## Problem to solve:
Set down nothing but the lines from the one containing "Created with Embarcadero" to the final line of the material, exactly as written, and drop the pictures.

## Records provided:

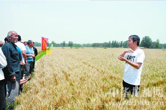 昨日下午,小麥專家在周口市天華農(nóng)業(yè)合作社魏集鎮(zhèn)小麥生產(chǎn)基地察看小麥長勢。今年該合作社種植優(yōu)質(zhì)小麥2萬多畝,預估畝產(chǎn)652公斤。記者 付永奇 攝
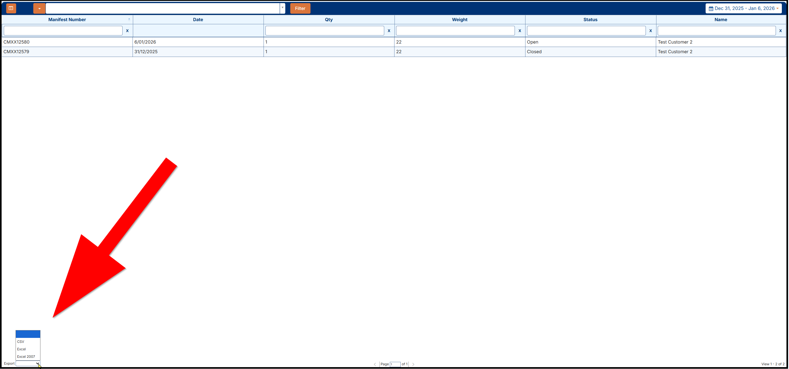 NOTE: You can Export a report of the manifests on this page by scrolling down to the bottom left corner of the page and selecting the format of that file (i.e. CSV, Excel or Excel2007):How to print or export:
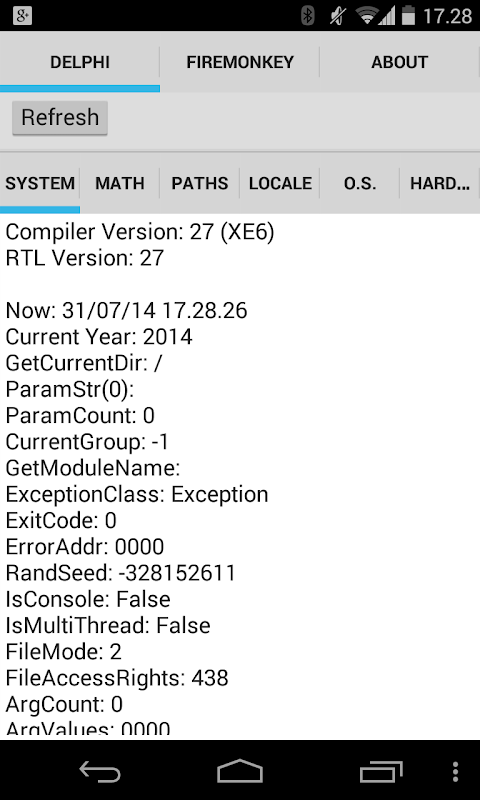 Created with Embarcadero RAD Studio XE6 using FM Multi Device cross-platform framework, this application shows all global variables and class properties from all System units and all FireMonkey platform services and "manager" classes.
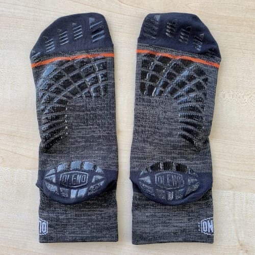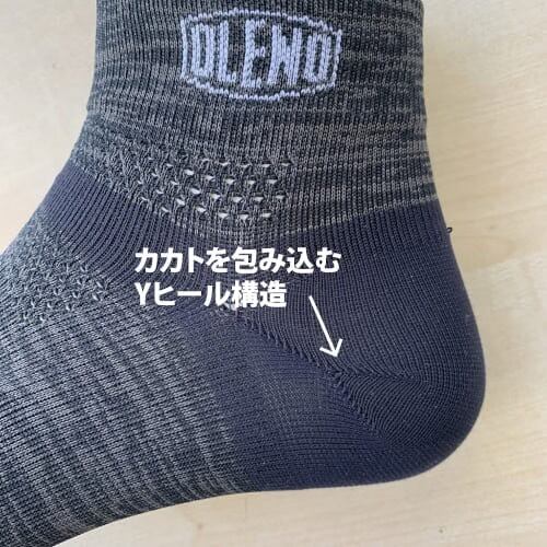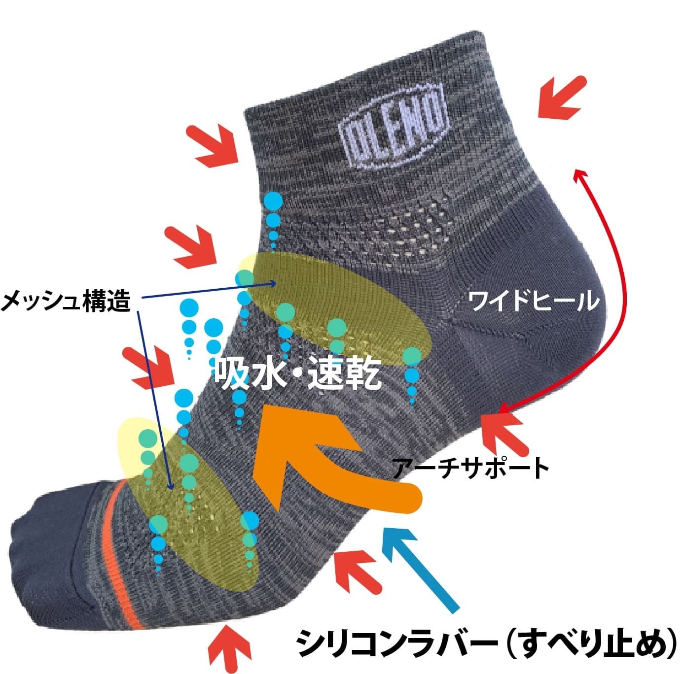 足裏に使用しているのは、OLENOが独自に開発したシリコンラバーの滑り止め。傾斜45度の斜面でも滑らない他を圧倒するグリップ力を実現しており、山の下りや坂道などのシーンでも足が靴の中で動くことを防ぎます。
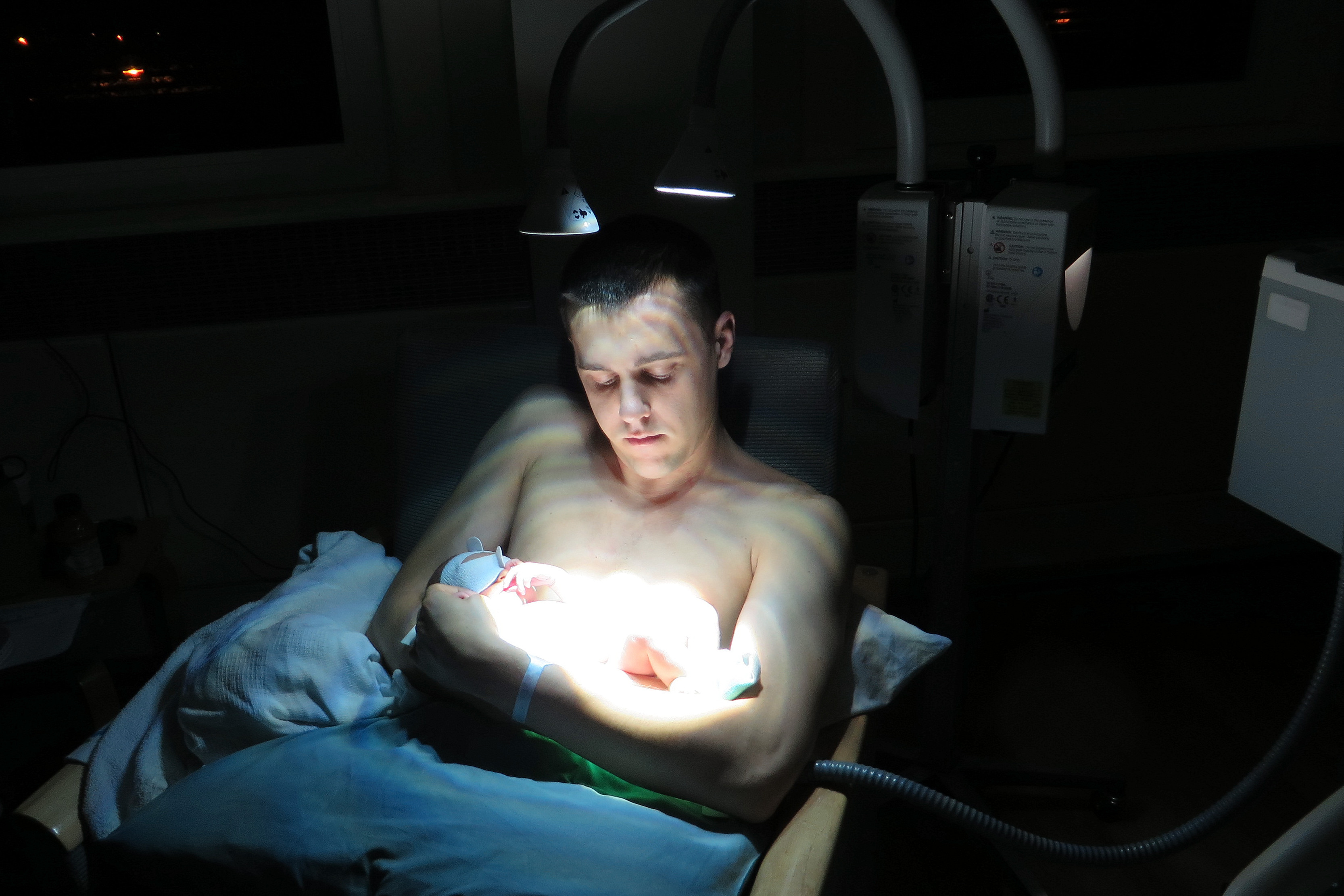 Andrew ended up telling the nurses that he was going to hold Gerrit under the lights instead of leaving him in the bassinet. It was the only way we could keep him calm enough to sleep.

## Task response:
 Created with Embarcadero RAD Studio XE6 using FM Multi Device cross-platform framework, this application shows all global variables and class properties from all System units and all FireMonkey platform services and "manager" classes.
 足裏に使用しているのは、OLENOが独自に開発したシリコンラバーの滑り止め。傾斜45度の斜面でも滑らない他を圧倒するグリップ力を実現しており、山の下りや坂道などのシーンでも足が靴の中で動くことを防ぎます。
 Andrew ended up telling the nurses that he was going to hold Gerrit under the lights instead of leaving him in the bassinet. It was the only way we could keep him calm enough to sleep.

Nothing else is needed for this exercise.